╭──

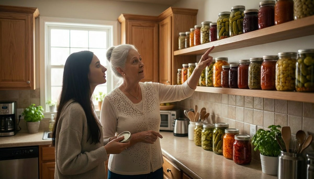 На полках — банки. Много банок. Огурцы, помидоры, что-то коричневое. Все в стекле, все с датами, написанными чёрным маркером. Календарь на стене с пометками от руки. Современная электроплита, холодильник – ему лет двадцать, но чистейший.
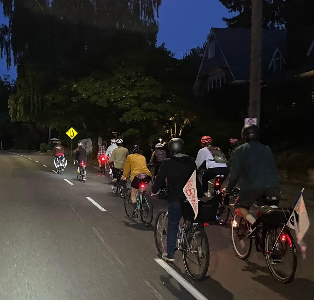 Friday night ride is a social ride for people who enjoy a sporty pace and adventurous routes. Every ride is different but generally range between 15 and 25 miles and you can expect some climbing and higher speeds than your average pedalpalooza ride. NOT NECESSARILY A NO DROP RIDE. Riders should be self sufficient and have a plan for getting themselves home. This is a bicycle-forward group ride. Pedal-assist ebikes are ok (class 1 & 2). Throttle heavy, high speed battery powered motor bikes are not (class 3 & 4). If you're not pedaling it’s not a bicycle and you will asked to leave. Bring lights/locks/responsible vibes/a cup/ Casual pace with some extra zip 10-20ish mile rides with store stops/park stops/art stops NOT NECESSARILY A NO DROP RIDE… ESPECIALLY IN THE FALL/WINTER/SPRING. Be careful of slippery roads/leafs on ground/pot holes. Call out road hazards to help bike friends stay safe. 2nd Fridays are MMR - later night vibes to make it to Midnight Mystery Ride. If you want to lead a ride just ask! REPEAT… NOT NECESSARILY A NO DROP RIDE… ESPECIALLY IN THE FALL/WINTER/SPRING. Guest ride leaders wanted and appreciated! Instagram @fridaynightride
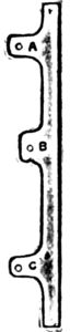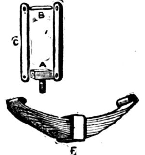 43, Frame plate from end to end of engine. 44, Iron buffer-beam. 46, Cylinders. 50, Horn block, to carry axle-box and brass. 51, Axle-box and brass. 52, Slide bars. 53, Connecting-rod. 54, Driving axle. 55, Big end of driving axle. 56, Arm of driving axle. 59, Valve-spindle. 60, Valve-rod guide. 61, Pump. 76, Hand brake. 85, Brake blocks. 88, Trailing axle. 89, Leading axle. 90, Piston rod. 91, Piston head, held on the rod by a brass nut. 92, Backway eccentric rod. 93, Frontway eccentric rod. 94, Eccentric Straps. 95, Eccentric sheaves. 96, Tire. 97, Lip on tire. 98, Brake irons. 99, Foot plating. 100, Transverse stay. A, Water space between inside and outside fire boxes. B, Slide-block with end of pump-ram screwed into the end. C, Link motion (see 57, inside view). D, Slide valve rod, working guide. H, Inside journal, showing how the axle is supported inside of frame plates. I, Cross-head, solid, with piston rod.

╰──

### Action item
Return, exactly and without extra lines, everything from the line with "Friday night ride" through the last line of the material above, both included. Pictures must be dropped.

### Task result
 Friday night ride is a social ride for people who enjoy a sporty pace and adventurous routes. Every ride is different but generally range between 15 and 25 miles and you can expect some climbing and higher speeds than your average pedalpalooza ride. NOT NECESSARILY A NO DROP RIDE. Riders should be self sufficient and have a plan for getting themselves home. This is a bicycle-forward group ride. Pedal-assist ebikes are ok (class 1 & 2). Throttle heavy, high speed battery powered motor bikes are not (class 3 & 4). If you're not pedaling it’s not a bicycle and you will asked to leave. Bring lights/locks/responsible vibes/a cup/ Casual pace with some extra zip 10-20ish mile rides with store stops/park stops/art stops NOT NECESSARILY A NO DROP RIDE… ESPECIALLY IN THE FALL/WINTER/SPRING. Be careful of slippery roads/leafs on ground/pot holes. Call out road hazards to help bike friends stay safe. 2nd Fridays are MMR - later night vibes to make it to Midnight Mystery Ride. If you want to lead a ride just ask! REPEAT… NOT NECESSARILY A NO DROP RIDE… ESPECIALLY IN THE FALL/WINTER/SPRING. Guest ride leaders wanted and appreciated! Instagram @fridaynightride
 43, Frame plate from end to end of engine. 44, Iron buffer-beam. 46, Cylinders. 50, Horn block, to carry axle-box and brass. 51, Axle-box and brass. 52, Slide bars. 53, Connecting-rod. 54, Driving axle. 55, Big end of driving axle. 56, Arm of driving axle. 59, Valve-spindle. 60, Valve-rod guide. 61, Pump. 76, Hand brake. 85, Brake blocks. 88, Trailing axle. 89, Leading axle. 90, Piston rod. 91, Piston head, held on the rod by a brass nut. 92, Backway eccentric rod. 93, Frontway eccentric rod. 94, Eccentric Straps. 95, Eccentric sheaves. 96, Tire. 97, Lip on tire. 98, Brake irons. 99, Foot plating. 100, Transverse stay. A, Water space between inside and outside fire boxes. B, Slide-block with end of pump-ram screwed into the end. C, Link motion (see 57, inside view). D, Slide valve rod, working guide. H, Inside journal, showing how the axle is supported inside of frame plates. I, Cross-head, solid, with piston rod.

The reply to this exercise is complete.